That's a interesting tidbit on the TMU's RT cores part. I recall suggesting AMD beef up the TMU's in a discussion awhile back might have been to do with comparing the Vega and RNDA architecture design differences at the time. From what I recall and my memory is foggy on it I think it was something where they could've improved the TMU's by roughly 50% to 100% and had a much improved design where those TMU's actually come into play for scene rendering. Now combine that with the variable rate shading and RTRT and I'm sure that's even more the case. The ROPs count is pretty important as well and obviously compression improvements would made a huge impact for AMD because they are further behind at it.
ratirt
You are right. Anyway, if this one can compete with the 3090 (rumored it can) then it doesn't matter much though. Considering another rumor (2.2 - 2.5 Ghz core for AMD) it doesn't have to have that much CU's. Still the die is smaller than NV Ampere. Either way we still need to wait for the release.

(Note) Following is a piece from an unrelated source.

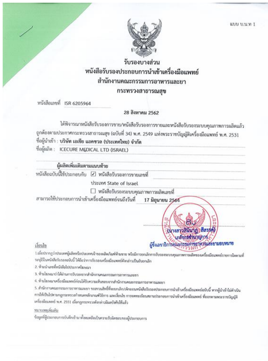
Exhibit 5.1(a) Regulatory Approvals

NOTE [REDACTED] NOTE 2 These guidelines may not apply in all situations. Electromagnetic propagation is affected by absorption and reflection from structures, objects and people.

We'll see if the 2.5Hz is possible or not someone was heavily skeptical of AMD achieving a 30%-50% clock speed improvement. One of the things I speculated if that's the case is AMD either not going out of it's way to increase CU's or marginally at best or even using slightly fewer CU's to get higher clock speeds and perhaps they can boost to that speed better, but not really sustain that effectively. We'll just see how stuff pans out I guess time will tell rumors are rumors take them with a grain of salt have has their own speculations of how it could unfold. We'll see what kind of mixed bag it is.

Also this no reasons...just felt it needed to be inserted into the matter. I wonder if anyone's ever been crazy enough to get that as a tattoo.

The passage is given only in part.